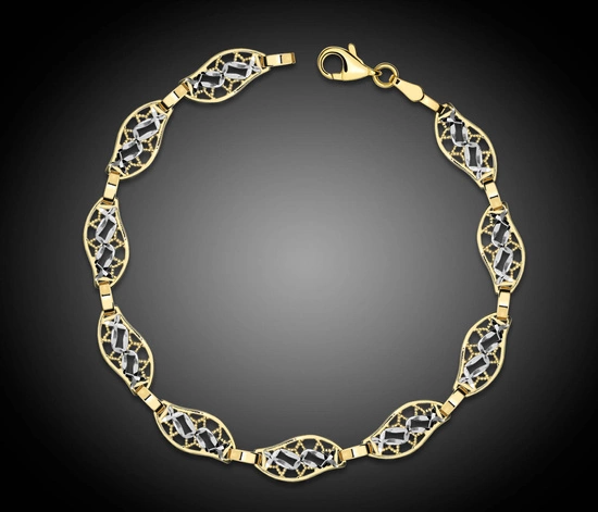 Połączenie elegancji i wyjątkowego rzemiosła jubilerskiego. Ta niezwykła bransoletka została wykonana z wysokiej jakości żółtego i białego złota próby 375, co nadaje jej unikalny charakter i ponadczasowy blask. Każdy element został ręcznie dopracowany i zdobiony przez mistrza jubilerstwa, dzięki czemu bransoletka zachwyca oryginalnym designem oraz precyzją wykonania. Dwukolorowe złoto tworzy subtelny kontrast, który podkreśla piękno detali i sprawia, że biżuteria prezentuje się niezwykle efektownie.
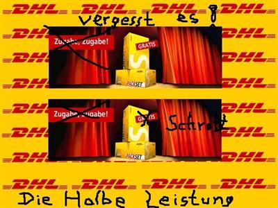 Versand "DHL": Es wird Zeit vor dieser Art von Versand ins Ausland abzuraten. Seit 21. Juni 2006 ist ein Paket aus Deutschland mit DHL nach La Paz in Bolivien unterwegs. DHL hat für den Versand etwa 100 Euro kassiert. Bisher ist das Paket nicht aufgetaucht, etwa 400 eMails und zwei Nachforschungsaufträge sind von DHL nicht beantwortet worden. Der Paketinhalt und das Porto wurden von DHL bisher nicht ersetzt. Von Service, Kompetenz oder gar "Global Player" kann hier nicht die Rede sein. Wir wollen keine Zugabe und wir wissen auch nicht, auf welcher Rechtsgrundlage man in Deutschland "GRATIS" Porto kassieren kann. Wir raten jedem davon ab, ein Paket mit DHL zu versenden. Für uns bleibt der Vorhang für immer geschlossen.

********************

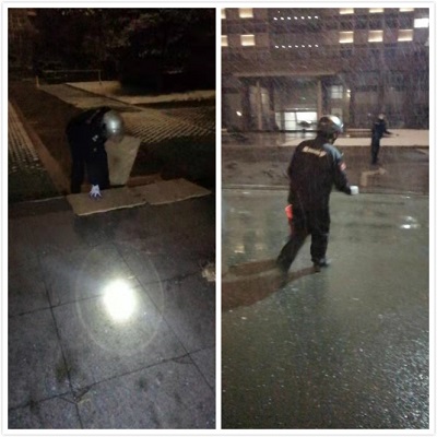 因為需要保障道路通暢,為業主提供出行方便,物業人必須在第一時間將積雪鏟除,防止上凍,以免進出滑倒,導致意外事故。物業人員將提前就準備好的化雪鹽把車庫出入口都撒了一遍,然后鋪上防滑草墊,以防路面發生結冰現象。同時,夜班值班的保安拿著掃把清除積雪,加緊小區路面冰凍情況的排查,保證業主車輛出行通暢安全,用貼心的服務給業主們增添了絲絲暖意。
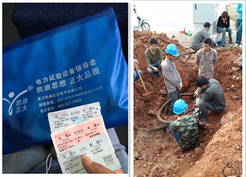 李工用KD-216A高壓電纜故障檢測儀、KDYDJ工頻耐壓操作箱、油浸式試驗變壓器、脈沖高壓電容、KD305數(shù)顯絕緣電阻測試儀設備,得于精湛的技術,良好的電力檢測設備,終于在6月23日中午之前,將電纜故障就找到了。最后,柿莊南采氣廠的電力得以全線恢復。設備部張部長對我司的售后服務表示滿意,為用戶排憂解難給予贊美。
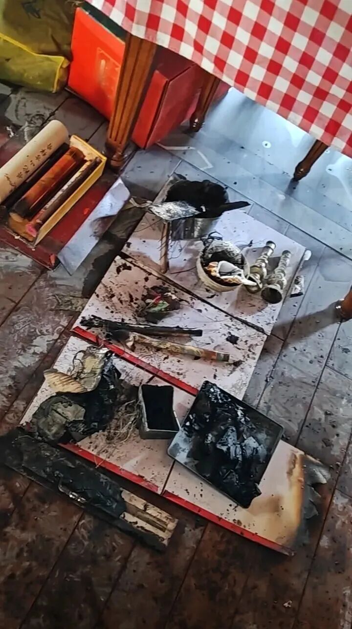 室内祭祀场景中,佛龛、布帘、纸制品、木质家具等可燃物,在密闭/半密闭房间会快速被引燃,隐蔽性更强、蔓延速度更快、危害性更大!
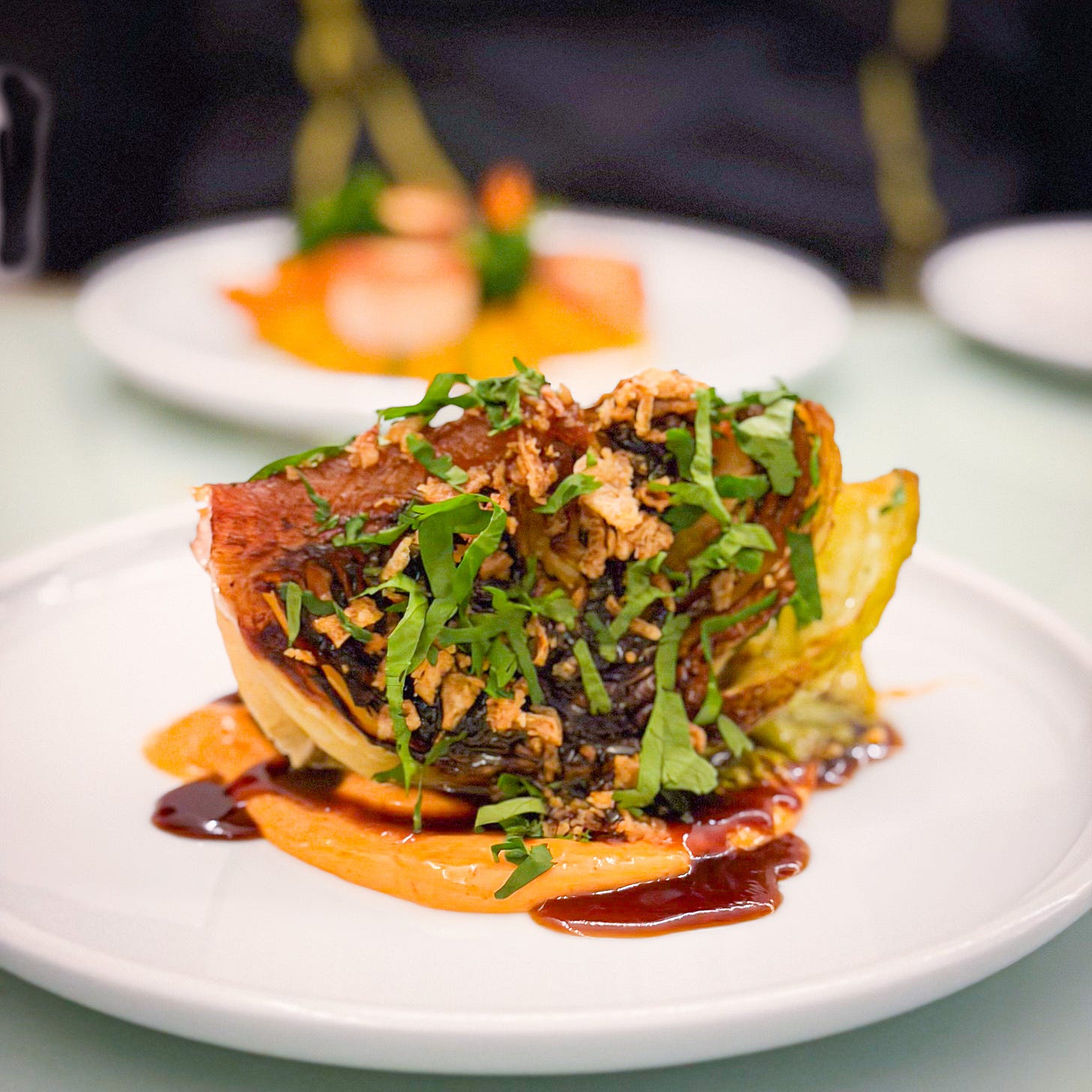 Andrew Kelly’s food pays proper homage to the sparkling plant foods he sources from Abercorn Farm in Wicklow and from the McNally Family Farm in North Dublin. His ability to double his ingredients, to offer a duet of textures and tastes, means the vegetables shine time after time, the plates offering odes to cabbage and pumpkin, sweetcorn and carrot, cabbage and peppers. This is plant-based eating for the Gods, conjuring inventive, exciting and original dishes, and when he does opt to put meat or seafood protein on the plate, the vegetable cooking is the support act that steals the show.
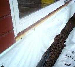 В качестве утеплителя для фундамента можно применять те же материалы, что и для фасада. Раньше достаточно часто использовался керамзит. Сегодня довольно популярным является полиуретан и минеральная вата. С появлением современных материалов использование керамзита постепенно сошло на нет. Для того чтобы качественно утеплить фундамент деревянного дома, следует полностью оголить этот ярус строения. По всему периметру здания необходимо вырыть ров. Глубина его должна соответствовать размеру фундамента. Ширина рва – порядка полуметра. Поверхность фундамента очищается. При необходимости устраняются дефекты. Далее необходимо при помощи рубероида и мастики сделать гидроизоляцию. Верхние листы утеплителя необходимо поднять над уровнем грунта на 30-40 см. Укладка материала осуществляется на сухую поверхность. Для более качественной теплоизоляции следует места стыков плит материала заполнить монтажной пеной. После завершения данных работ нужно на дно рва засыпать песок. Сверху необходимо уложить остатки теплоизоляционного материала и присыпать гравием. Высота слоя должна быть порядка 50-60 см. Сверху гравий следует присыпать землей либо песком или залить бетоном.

********************

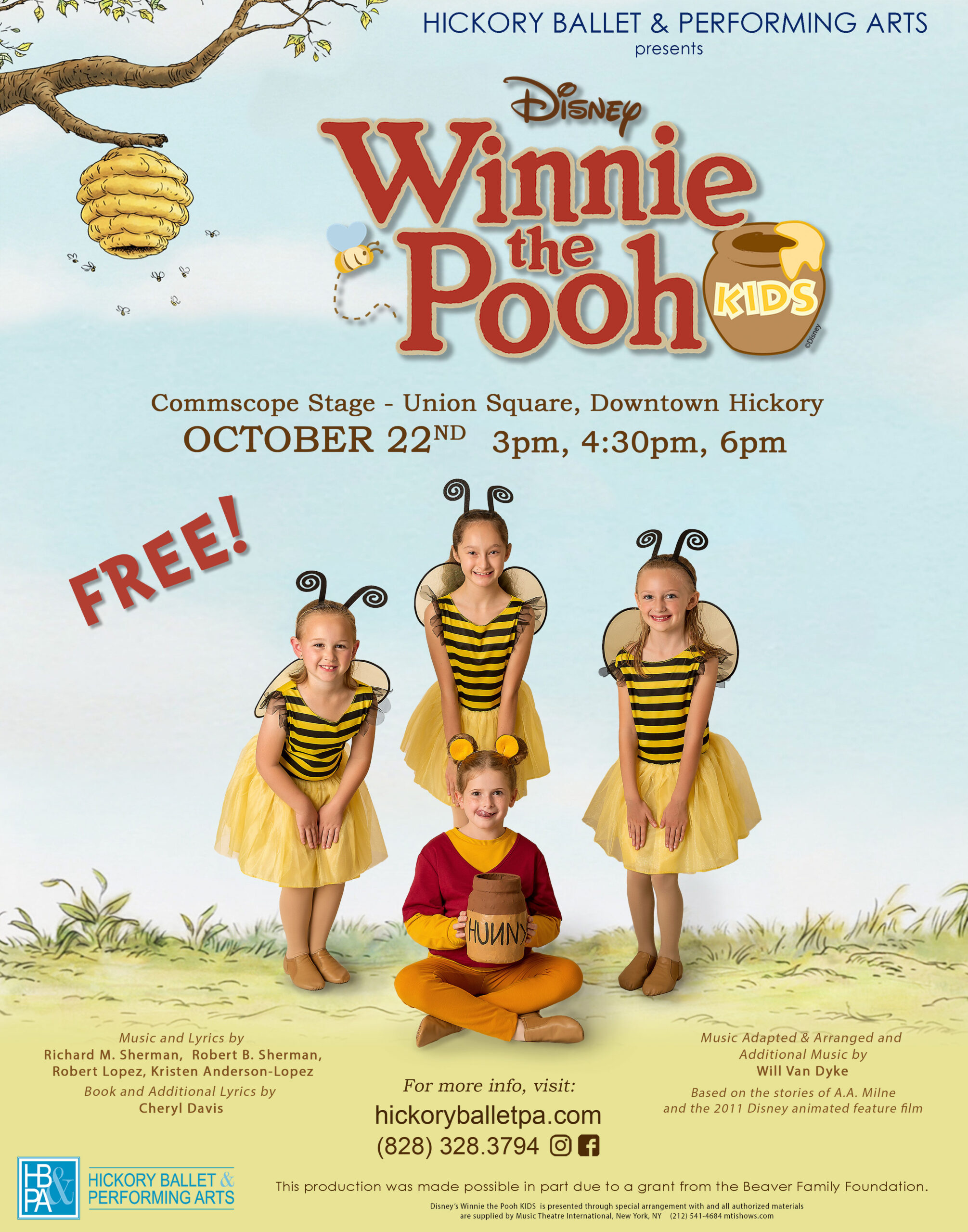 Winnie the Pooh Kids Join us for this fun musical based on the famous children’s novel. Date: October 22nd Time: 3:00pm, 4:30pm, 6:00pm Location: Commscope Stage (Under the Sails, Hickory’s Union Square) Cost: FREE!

********************

Copy only the lines above from the one containing "李工用KD-216A高壓電纜" through the one containing "室内祭祀场景中,佛龛、布帘、", both included. Leave out the pictures.

 李工用KD-216A高壓電纜故障檢測儀、KDYDJ工頻耐壓操作箱、油浸式試驗變壓器、脈沖高壓電容、KD305數(shù)顯絕緣電阻測試儀設備,得于精湛的技術,良好的電力檢測設備,終于在6月23日中午之前,將電纜故障就找到了。最后,柿莊南采氣廠的電力得以全線恢復。設備部張部長對我司的售后服務表示滿意,為用戶排憂解難給予贊美。
 室内祭祀场景中,佛龛、布帘、纸制品、木质家具等可燃物,在密闭/半密闭房间会快速被引燃,隐蔽性更强、蔓延速度更快、危害性更大!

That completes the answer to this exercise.